PROBLEM DETAILS: No pictures, nothing altered: return the data below.

COLLECTED DATA:
══════
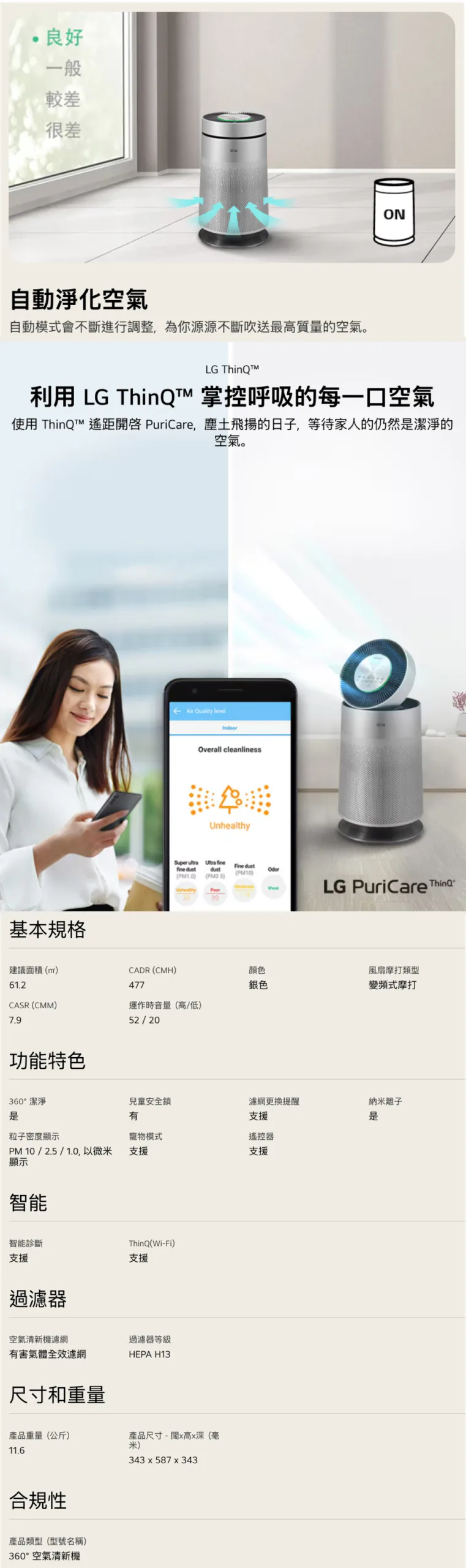 LG 樂金 PuriCare 360° 空氣清新機 AS65GDST0
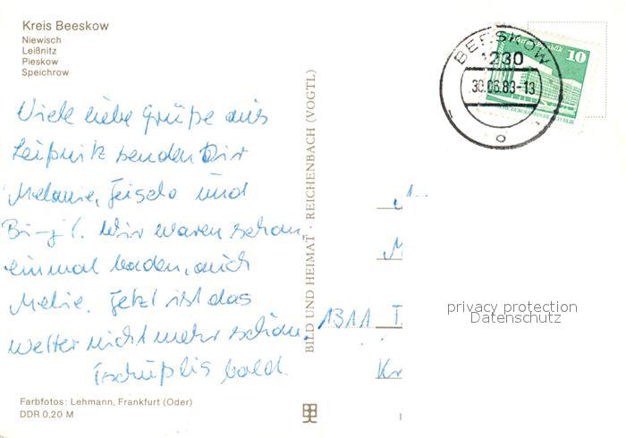 73067187 alte Postkarte Beeskow Am Schwielochsee Niewisch Leissnitz Pieskow Speichrow postalisch gelaufen Erhaltung siehe scans [WerneD78] KatCode: 11110012067036
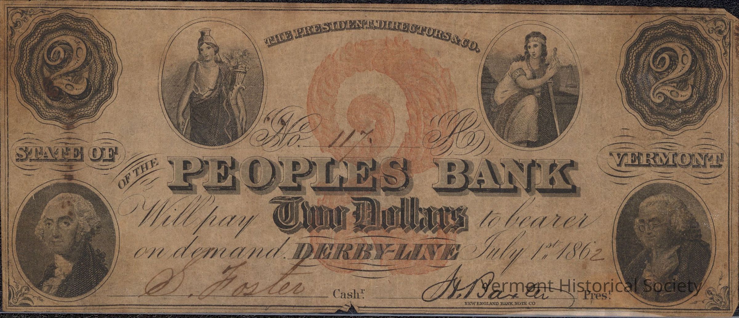 Private bank note for 2 dollars from The Peoples Bank in Derby Line, Vermont. The serial number is 117 and it is dated July 1st, 1862. It is signed S. Foster (cashier) and H. Baxter (president).
══════
TASK RESPONSE:
 LG 樂金 PuriCare 360° 空氣清新機 AS65GDST0
 73067187 alte Postkarte Beeskow Am Schwielochsee Niewisch Leissnitz Pieskow Speichrow postalisch gelaufen Erhaltung siehe scans [WerneD78] KatCode: 11110012067036
 Private bank note for 2 dollars from The Peoples Bank in Derby Line, Vermont. The serial number is 117 and it is dated July 1st, 1862. It is signed S. Foster (cashier) and H. Baxter (president).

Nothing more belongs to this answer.